Rio Tinto Group’s first-quarter iron ore production rose a less-than-estimated 12 percent as the world’s second-biggest mining company continued expansions even as prices trade near a decade-long low.
Output rose to 74.7 million metric tons in the three months to March 31, from 66.4 million tons a year earlier, the producer said Tuesday in a statement. That missed the 82.7 million ton median estimate of three analysts surveyed by Bloomberg.
Shipments from Rio’s mines in Western Australia’s Pilbara region fell as a result of wet weather, London-based Rio said in the statement. Dampier Port, used by the producer, was temporarily closed last month by Tropical Cyclone Olwyn and briefly in January by a storm.
“The weather conditions were known about, so the fall in output won’t be a concern for investors,” Evan Lucas, a Melbourne-based markets strategist at IG Ltd. said by phone. “They’ll be focused on the fact that full-year guidance is unchanged.”
An expansion of mines, railroads and port facilities in the Pilbara to raise output is almost complete, Rio said. It maintained its full-year guidance for total shipments of 350 million tons in 2015.
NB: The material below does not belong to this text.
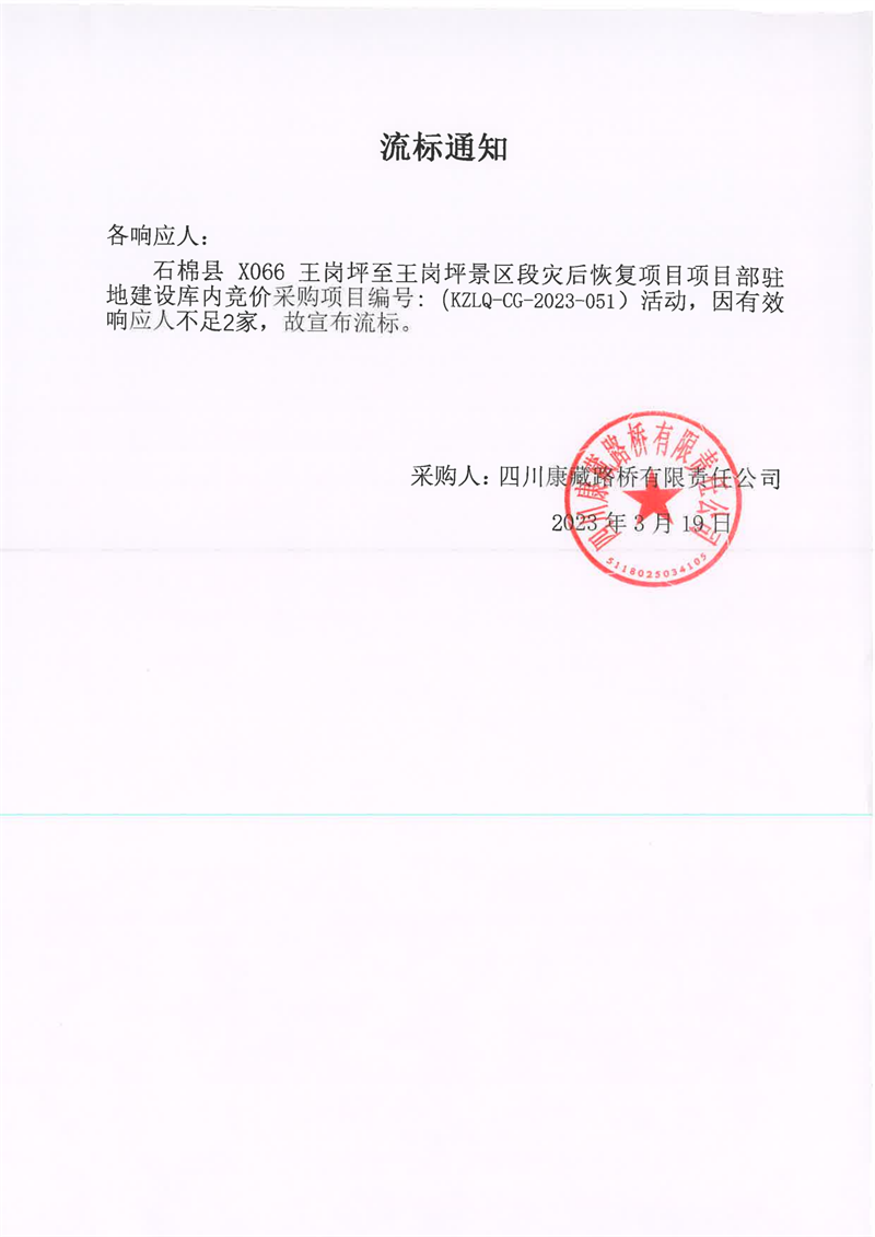 四川康藏路橋有限責(zé)任公司石棉縣X066王崗坪至王崗坪景區(qū)段災(zāi)后恢復(fù)項(xiàng)目項(xiàng)目部駐地建設(shè)庫內(nèi)競(jìng)價(jià)采購流標(biāo)通知
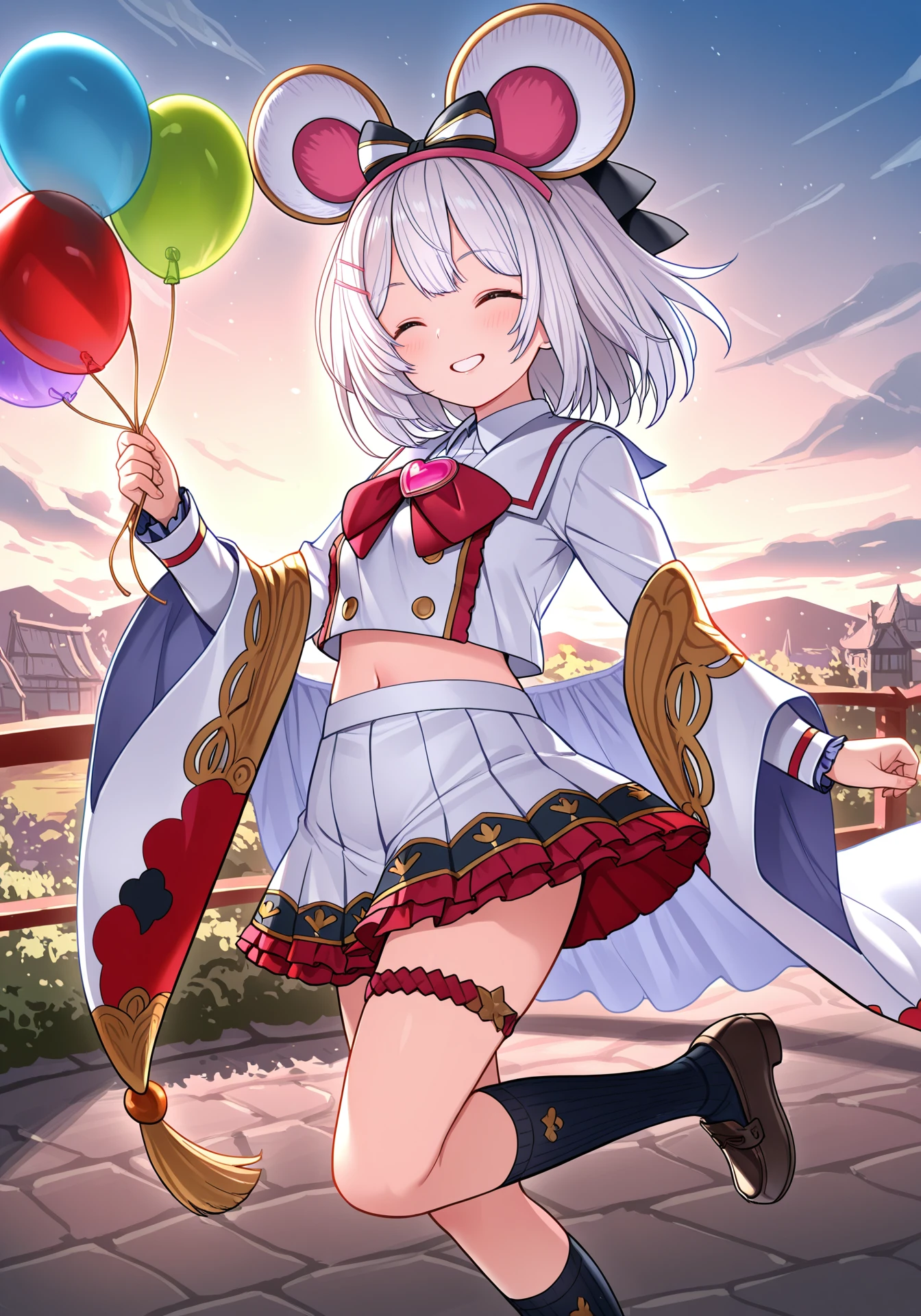 vikalaDefault, white midriff, crop top overhang, frilled miniskirt, red bowtie, detached wide sleeves, pink hairclip, heart brooch, red thigh strap, black socks, brown loafers, black and white hair bow

Rio advanced 1.5 percent to A$55.50 in Sydney trading, trimming its decline this year to 4.3 percent.
After iron ore prices slumped by more than half in the past year there’s little prospect of a long-term rebound with demand for seaborne supplies likely to peak in 2016, according to Goldman Sachs Group Inc.
The largest producers have little alternative than to raise output to fully utilize their assets and lower costs, even though tumbling prices risk eroding profits and may jeopardize dividend targets, Goldman analysts led by Melbourne-based Craig Sainsbury wrote in an April 16 note.
Rio, the second-largest supplier of the steelmaking ingredient, will draw on its inventory through 2015 to maximize cash flow from its iron ore business.
“That’s making it clear that the long-term game is to be one of the three remaining iron ore producers,” IG’s Lucas said. “They are saying that they will continue to expand and that it doesn’t matter about the price, as long as they generate cash.”
Ore with 62 percent content delivered to China’s Qingdao advanced 1.3 percent to $51.57 a dry ton on Monday, according to Metal Bulletin Ltd. It fell to $47.08 on April 2, the lowest since 2005.
“Our aim is to protect our margins in the face of declining prices and maximize returns for shareholders throughout the cycle,” Rio’s Chief Executive Officer Sam Walsh said in the statement.
Copper mine output fell to 144,100 tons in the quarter, from 156,600 tons a year earlier, Rio said in its statement. That beat the 133,300 ton-median estimate of four analysts surveyed by Bloomberg.
Metallurgical coal output rose 10 percent to 2 million tons compared with a year earlier, beating a 1.79 million ton median estimate among three analysts. Thermal coal production rose 5 percent to 4.8 million tons.